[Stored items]
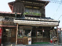 | 鎌倉の八雲神社、厄除け祈願と書かれたのぼりが並んでいます。 | 八雲神社、ひっそりとしています。 | 古そうな木造の渋い酒屋さんです。 | 鎌倉、「べつばらドーナツ」の店内。 |
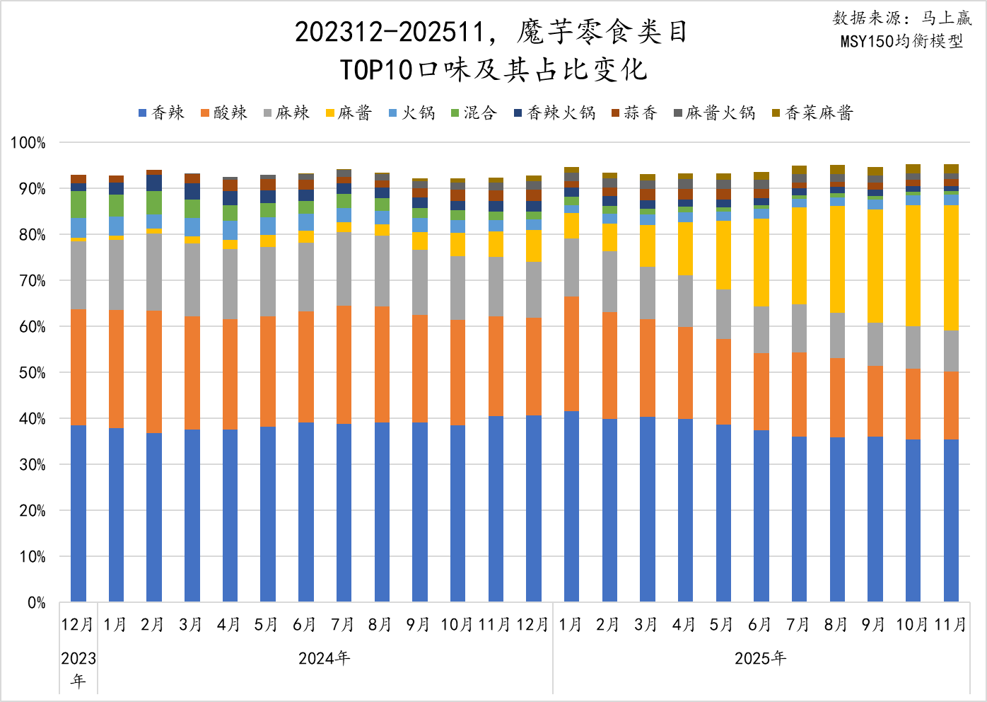 你方唱罢我登场。休闲零食类目近几年在零食量贩的价格快刀下,已经鲜有如此“针锋相对”的场面出现了,卫龙与盐津铺子、魔芋爽与素毛肚,2026年似乎将会全面开战。反观魔芋零食,这一类型产品也并不新鲜,乘上了什么东风才迎来了快速的增长?本周,也是马上赢情报站2025年的最后一篇稿件,我们将带您数读「魔芋零食」。
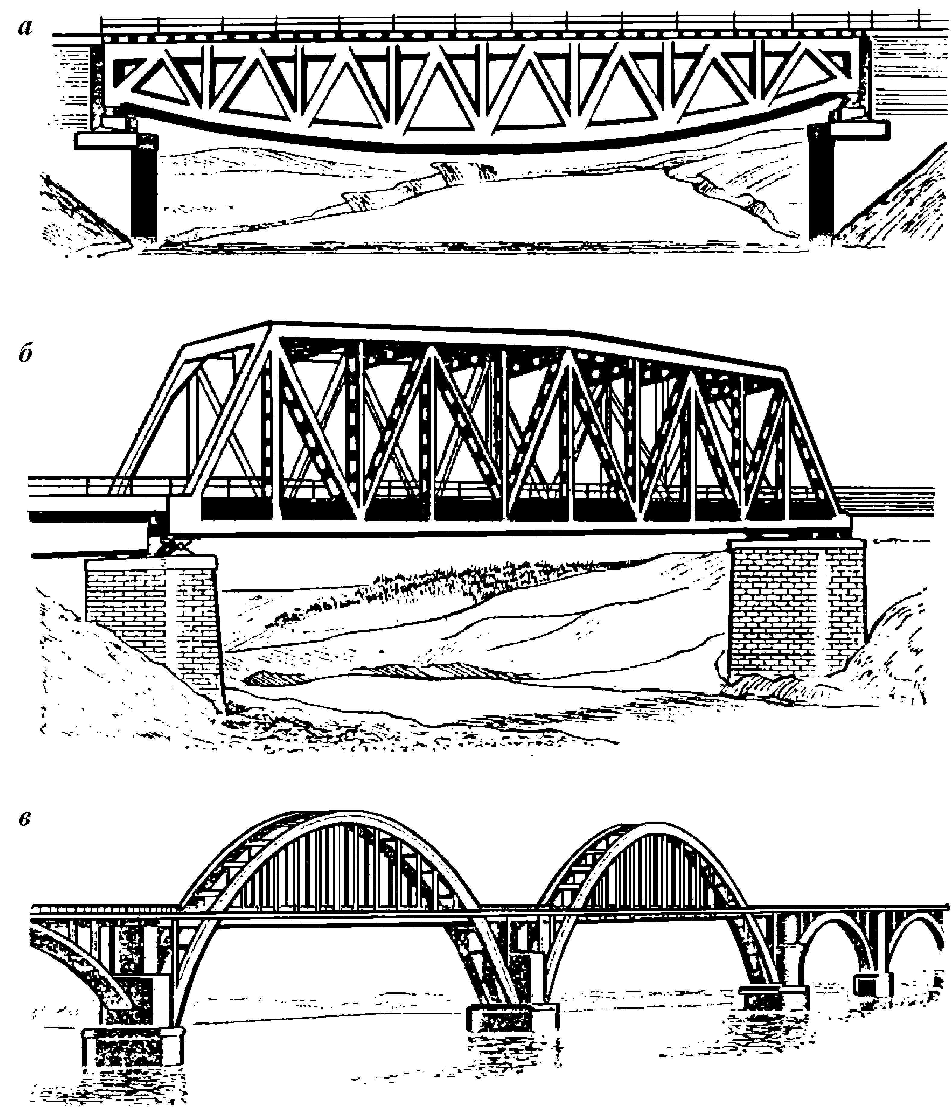 Мосты бывают металлические, железобетонные, бетонные, каменные и деревянные. Мост состоит из опор и пролетных строений. На судоходных реках для пропуска судов строят разводные или подъемные мосты.
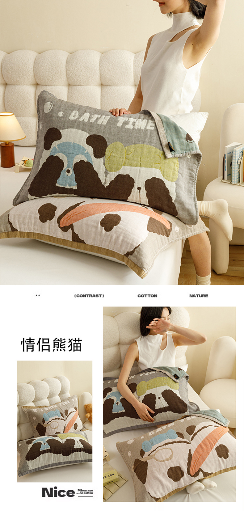 (总)麻依 新款全棉四层纱布枕套一对装纽扣款枕套,爱心萌宠,波点猫,好伙伴,考拉熊,快乐修狗,奶油熊,苹果香芋猫,曲奇饼干,趣多多,淘气猫,小团圆,紫色樱桃猫
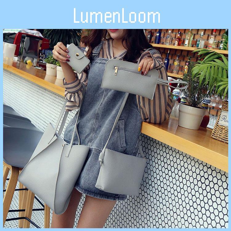 Women 4pcs Leather Handbag Lady Shoulder Bag Tote Purse Messenger Satchel Set
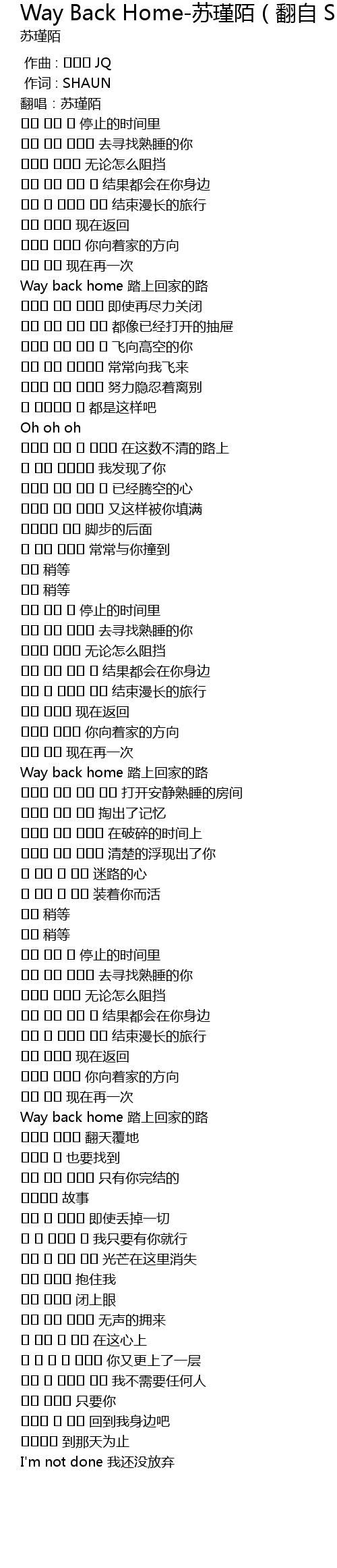 | [00:17.942] | Way back home tà shàng huí jiā de lù |
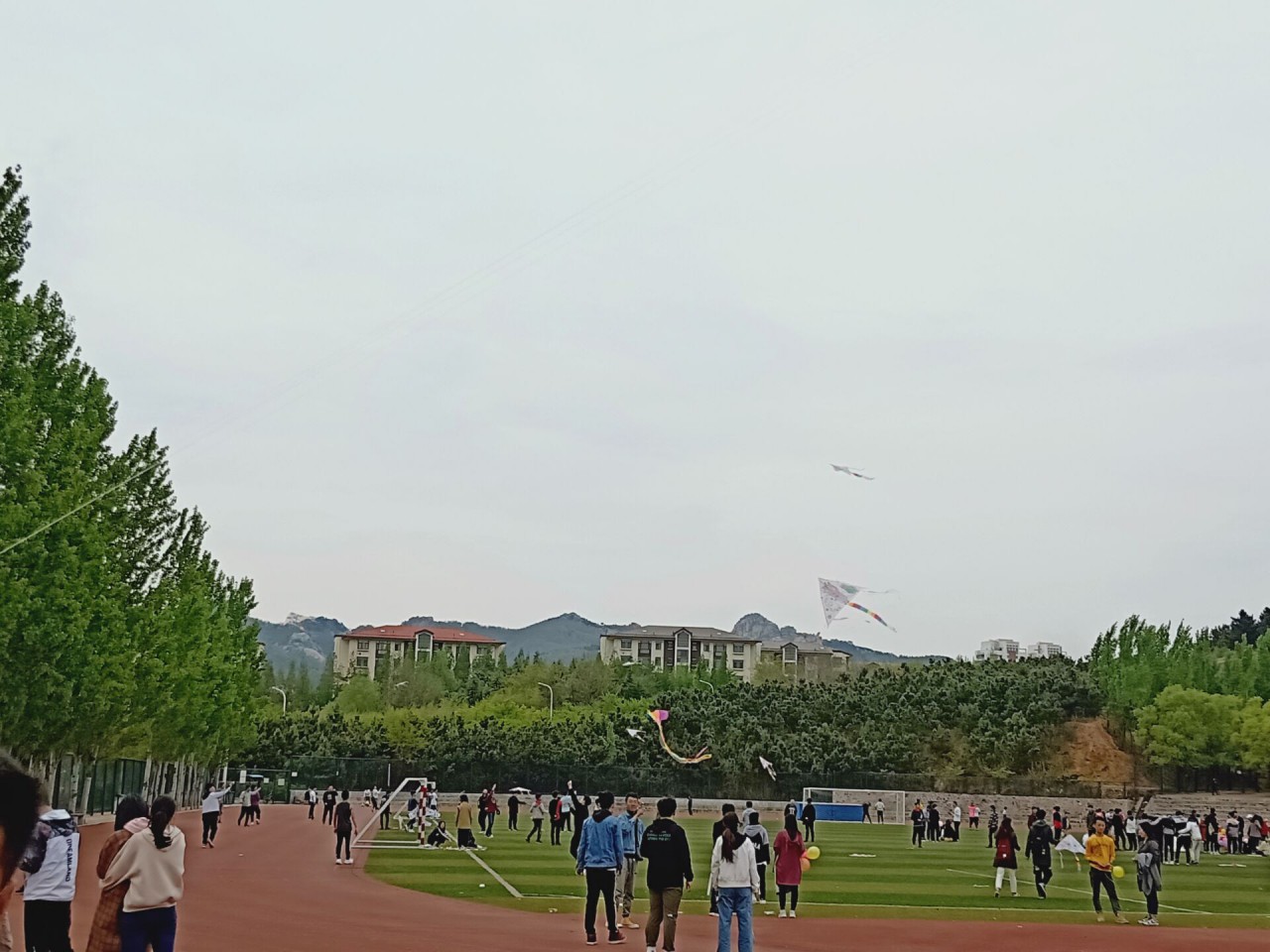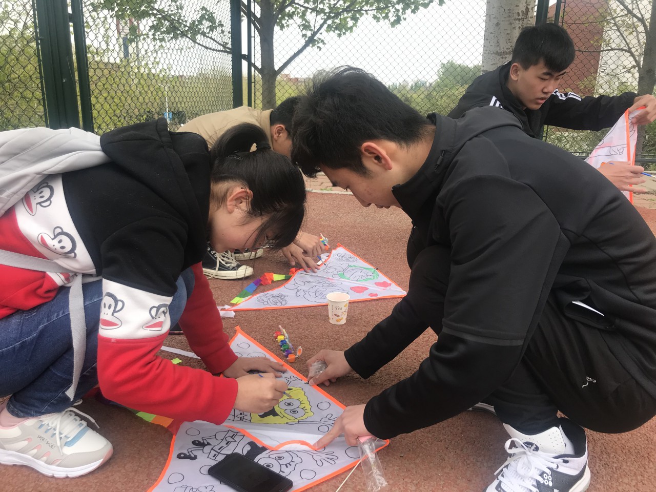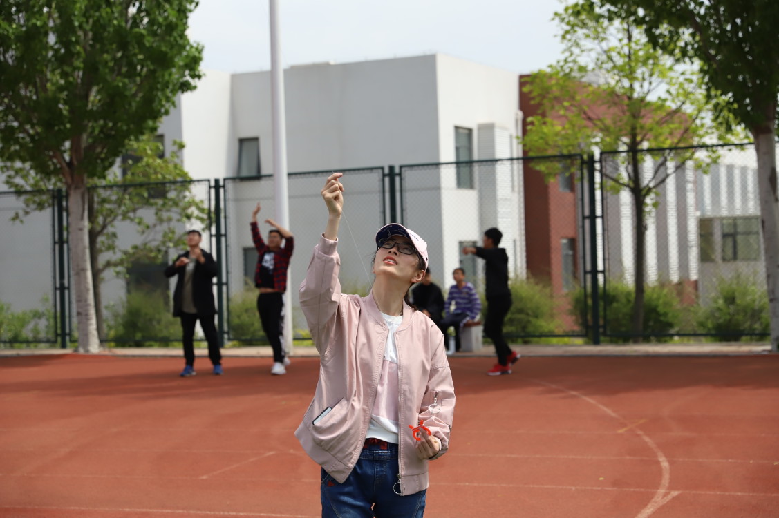 本次放风筝大赛分为自带风筝和自制风筝两类,并根据参赛选手放风筝的时间、高度与技巧进行打分、评比。比赛开始,同学们带着各自提前准备好的风筝来到比赛场地集合。彩色的画笔之下,轻轻纸鸢被赋予了生命的活力,色彩斑斓的图案承载着同学们的青春风采。随着这温暖的春风,载满希望与祝福的纸鸢在红色的跑道上迎风而上,在欢声笑语中振翅高飞,各式各样的风筝在空中上下翻滚甚是好看。
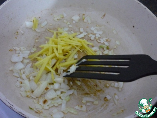Обжарить лук до золотистого цвета и добавить к нему имбирь. Обжарить еще несколько минут и выложить в отдельную посуду.
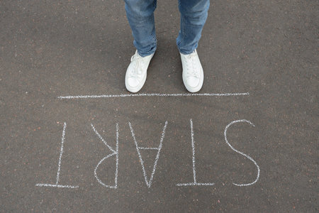 lettering word starting and shape of space rocket on foggy glass window on blue background
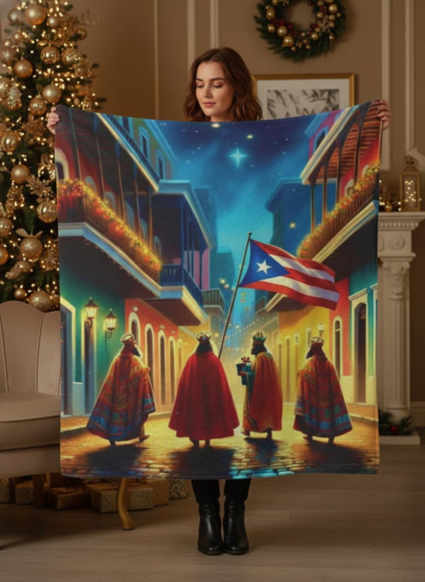 Celebra la magia de la Navidad con esta hermosa manta decorativa exclusiva de 4EVERBORI que muestra a los Tres Reyes Magos y al Niño Jesús en Puerto Rico. Diseño con derechos de autor, impreso por un solo lado, ideal para quienes aman las tradiciones boricuas y desean decorar su sala o dormitorio con un toque cálido y festivo.
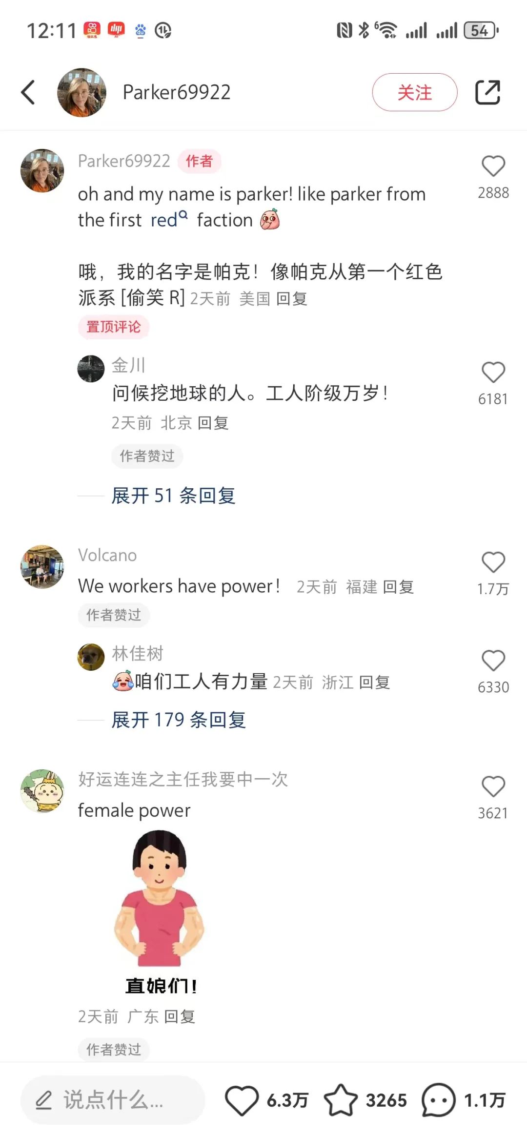 而中國網友們的一句:“咱們工人有力量”也讓這位美國礦工大姐十分認可。

TASK TO CARRY OUT
Now transcribe the lines above exactly, starting at the line containing "本次放风筝大赛分为自带风筝和" and ending at the line containing "Обжарить лук до", both lines included, pictures excluded.

SOLUTION TO THIS PROBLEM
 本次放风筝大赛分为自带风筝和自制风筝两类,并根据参赛选手放风筝的时间、高度与技巧进行打分、评比。比赛开始,同学们带着各自提前准备好的风筝来到比赛场地集合。彩色的画笔之下,轻轻纸鸢被赋予了生命的活力,色彩斑斓的图案承载着同学们的青春风采。随着这温暖的春风,载满希望与祝福的纸鸢在红色的跑道上迎风而上,在欢声笑语中振翅高飞,各式各样的风筝在空中上下翻滚甚是好看。
Обжарить лук до золотистого цвета и добавить к нему имбирь. Обжарить еще несколько минут и выложить в отдельную посуду.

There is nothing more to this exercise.